Bookmark and Share

Dwight@RateSupermarket.ca
Staff writer

Jason Zuckerman, a mortgage agent with Multi-Prets, provides insight into the home equity loan process.

Generally, the largest debt a homeowner will ever face is their mortgage.

With proper budgeting, a steady income, and fiscal responsibility, making each and every mortgage payment on time and in full is definitely doable.

But life certainly isn’t so easy, and there are always plenty of other debt in people’s lives, including student and car loans, home renovations and repairs, and the dreaded credit card debt, which often carries an interest rate of 15% to 20%. When your dollars are already stretched to their limits, it can be difficult to even pay the interest on these various debts each month.

But, as a homeowner, you’re in a unique lending position, because you can – with proper approvals – borrow against the equity of your home, by taking out a home equity loan.

A home equity loan is based on the value of your home compared to what balance you owe on the mortgage. Being approved for a home equity loan is not as difficult as you may think, because the loan amount is based on the value of your home. That means lenders (usually banks) are comfortable adding to your current mortgage because they are safeguarded by the fact that if, for some reason, you default on your mortgage, it can recoup its losses through the seizure and sale of your home.

“In this economic crisis, people take (home equity loans) because they are looking for equity any way they can to pay off existing debts,” said Jason Zuckerman, a mortgage agent with Multi-Prets.

The primary bonus of a home equity loan is its debt consolidation capabilities. Instead of paying regular mortgage payments at a low interest rate – say 5% over five years, which is about the norm right now – and being saddled with enormous credit card debt at the aforementioned 15% to 20% interest, a home equity loan will allow you to tackle your most pressing debt – in this case the credit cards – and clear them off your books.
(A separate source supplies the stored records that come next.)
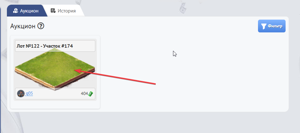 По итогу, Вы окажитесь на главной страницы аукциона, где будут представлены все доступные лоты(участки) для покупки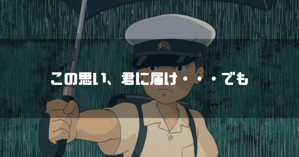 ただ、何よりも切ないのは無力に立ち尽くすカンタとサツキの距離である。あの距離はカンタがどうしても縮めたい心の距離であり、まだ彼にはほぼ無限と思える距離である。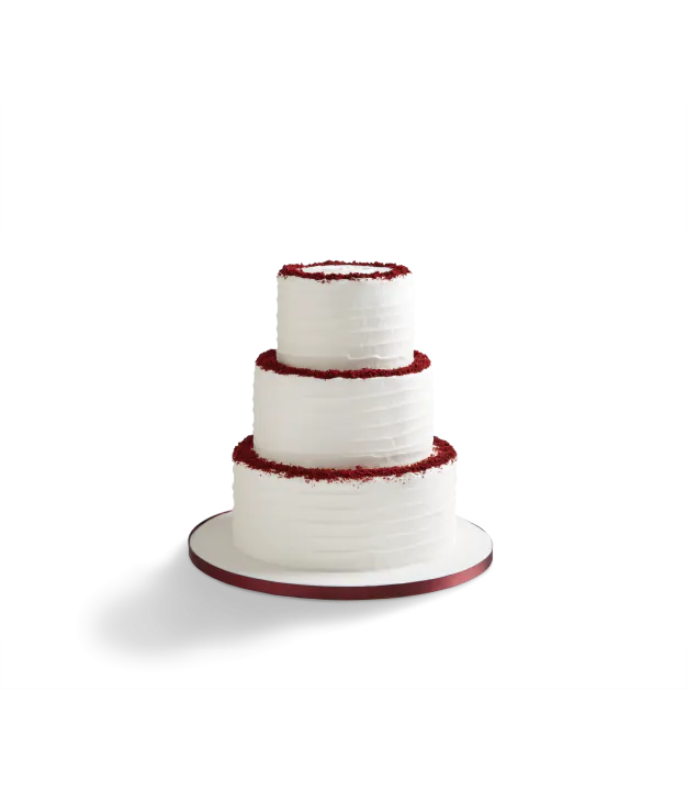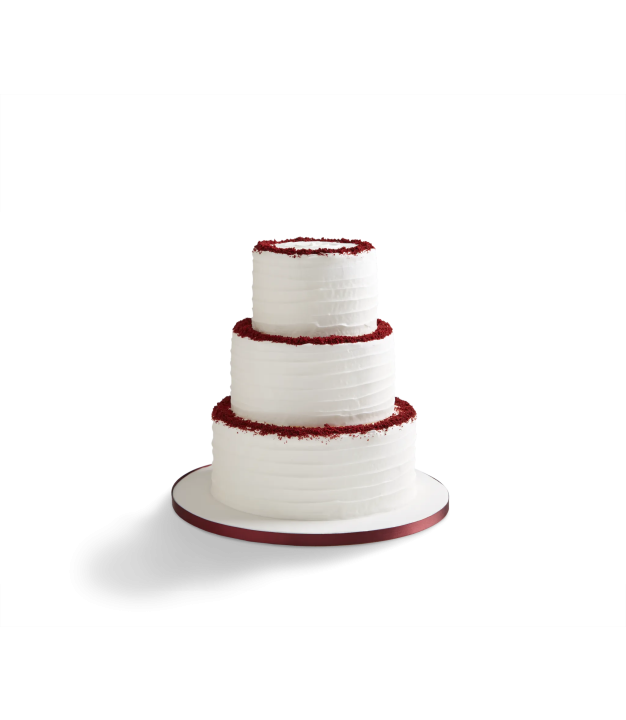 Classic Hummingbird Bakery banded-style design with Red Velvet sponge crumbs around the edge of each tier.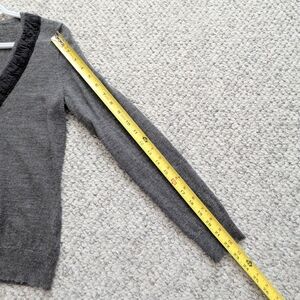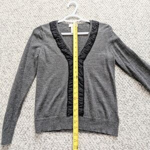 Tweeds Women's Merino Wool V-Neck Button Up Sweater/Cardigan w/Ruched Trim

The amount you receive will be added to your re-negotiated mortgage term and rate, while actually lowering your monthly payments.

 

Before Debt Consolidation

Existing Mortgage

 
Property Value $170000
Mortgage Balance $130000
Interest Rate 8.20%
Term 5 year

Monthly Payments

 
Credit Cards ($8000) $250.00
Other Debt ($3000) $150.00
Mortgage $1021.43
Total Payments $1421.43

 

After Debt Consolidation

New mortgage

 
Property Value $170000
Mortgage Balance $141000
Interest Rate 5.75%
Term 5 year

New Monthly Payments

 
Credit Cards ($0) $0.00
Debt ($0) $0.00
One Mortgage Payment $898.81
Total Savings $522.52

You can see how eliminating the secondary debt in this example will save this person $522.52 each month, by taking out an $11,000 home equity loan.
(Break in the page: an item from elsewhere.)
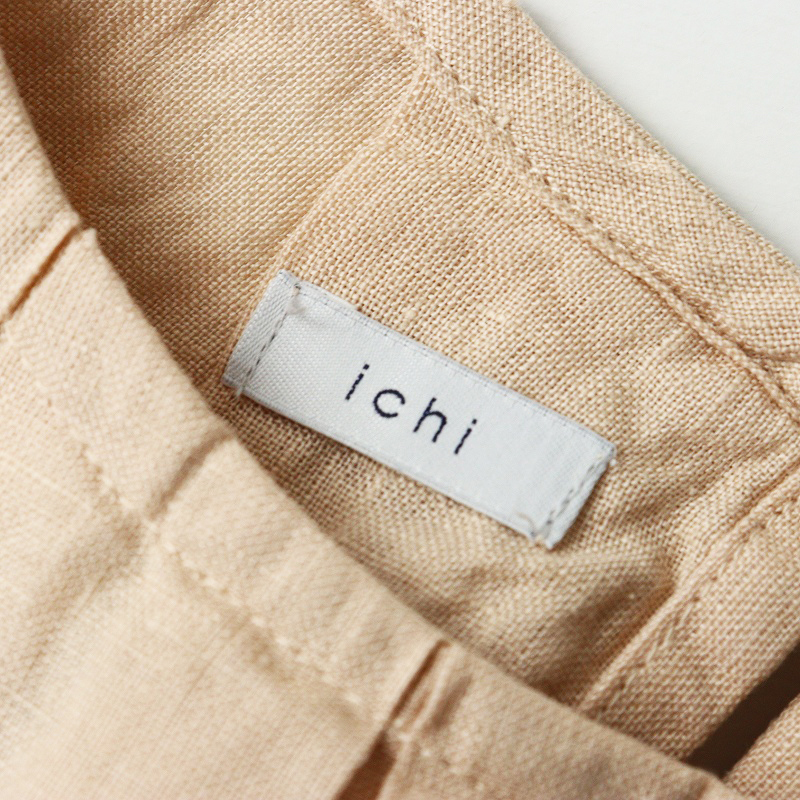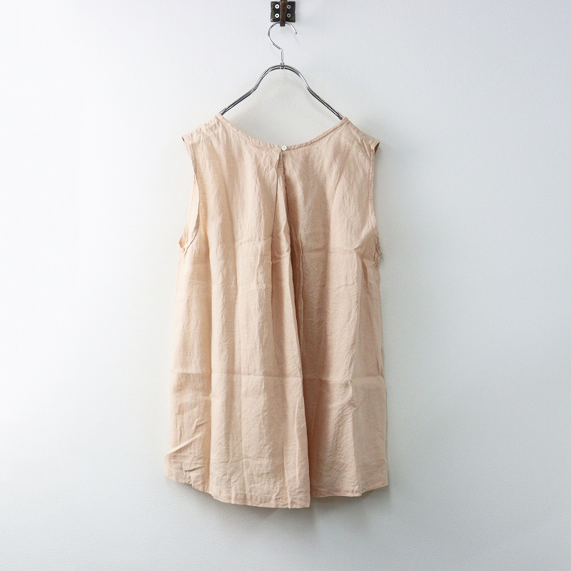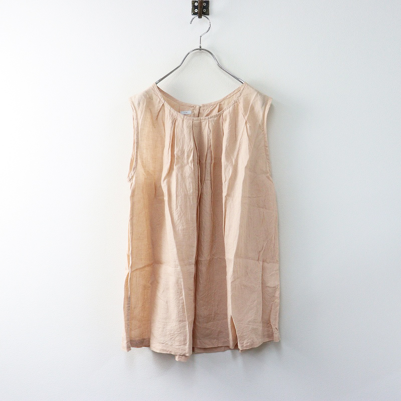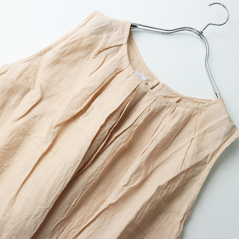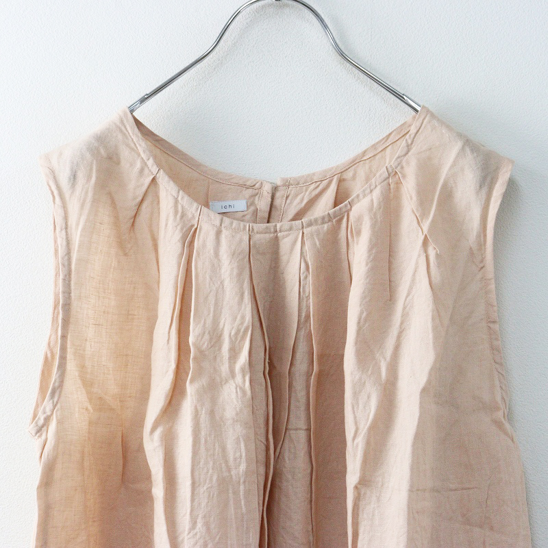 イチ ichi リネン タックノースリーブチュニック‖ピンクベージュ トップス ブラウス ギャザー【2400014675580】

Mr. Zuckerman said eliminating outstanding debts is important to long-term financial health, even if it means a larger mortgage down the road.

“The important factor in these transactions is that the clients’ debts are paid off and to increase their credit score so that they can acquire a first mortgage at a mainstream financial institution,” he said.

How do you obtain a home equity loan?

The best way of going about getting a home equity loan is through a mortgage broker.

“Since I deal with a lot of clients who have poor credit or past bankruptcy, these tend to be the only option available,” Mr. Zuckerman said.

“Within a few hours I can give the client a good idea whether or not they will be approved for a home equity loan. It is important to work swiftly with these clients since time is a factor. Each day is another day that their debt accumulates as a result of high interest rates.

“A full financial audit is not necessary. Once I have taken an application and find out some basic information, I check the clients’ credit and calculate whether or not the deal can work. At this time, I speak to my lenders and give them the specifics about the deal and sell it to them. Lenders generally require the same documentation, which I collect on their behalf. Within 24 to 48 hours I should have an approval and a notary date,” Mr. Zuckerman said.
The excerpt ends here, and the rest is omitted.